BRILL CLIMATE ACTION GROUP : COMMITTED TO CHANGE

creating a biodiverse garden


A biodiverse garden is one that is overflowing with life. It has an abundance of different plant species and attracts many forms of wildlife. Water is a great magnet for wildlife and is the single easiest way to add wildlife value to a garden. Installing a pond, however tiny - a large pot, an inverted dustbin lid, a bird bath or even just a container of water - in your garden will help many creatures thrive, from birds and dragonflies to frogs and newts. We will explore this topic further in the coming months and provide you with easy ways of creating water features that will encourage wildlife into your garden. Until then, try one or more of this month’s Just One Thing ideas to make your garden more bio-diverse.

 
Two children with a hedgehog hole in a fence.

Making a hedgehog highway (photo from Hedgehog Street website)

Committed to Change: Try Just One Thing

1.Give up pesticides! They are so bad for bees!  If your lawn is treated by a lawn care company, ask for them to only use fertiliser. Weed killers and pesticides disrupt the navigation sensors in bees’ brains and this stops them passing on where to find food to the rest of the hive.

2. Grow fragrant rather than showy flowers. Most butterflies, moths and some insects will find their food plants by smell, not sight, and will travel from garden to garden to locate the correct species.

3. Start a compost heap. Composting is a great way of recycling nutrients and returning these nutrients to your garden soil. Use green garden waste, raw (not cooked) food waste and some brown garden matter (leaves, sawdust from animal bedding, or ripped up cardboard). Compost heaps and mounds of grass clippings also provide an ideal habitat for slow worms.

4. Make a log pile in a shady corner of your garden (somewhere where the wood won’t dry out).

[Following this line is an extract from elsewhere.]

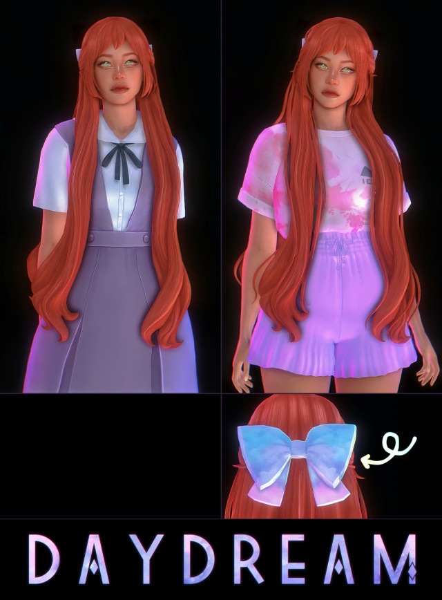 Главная » Лицо и прически » Прически » Женские прически Прическа и бант | Daydream Hair by Simandy для Симс 4. Скачать мод v1: Без дополнительных прядей волос. V2: Дополнительные пряди волос.24 EA ColorsБант найдете в шляпах СКАЧАТЬ (.package)

Rotting wood is the perfect habitat for many insects and fungi. Try burying a log vertically and leaving it to rot. With a bit of luck, you may create the perfect home for a stag beetle. 

5. Leave an area of the lawn to grow long. Try No Mow May! Long grass is not only food for some butterfly caterpillars but cover for insects and shelter for small mammals such as wood mice, voles and shrews.

6. Make a Hedgehog Highway. A small CD-sized hole in your fence will allow hedgehogs to travel between gardens. Hedgehogs travel long distances every night on their hunt for food so joining your garden with your neighbours will encourage hedgehogs to visit yours. Best of all, hedgehogs are great for gobbling up slugs.

7. Lay a piece of corrugated iron down flat somewhere shady to provide cover for animals such as newts, toads, lizards and snakes.

8. Add bird feeders and nest boxes. Try and provide a range of bird food and feeding stations to encourage different species of birds. Don’t forget that birds like blackbirds, sparrows and thrushes prefer a bird table rather than a feeder.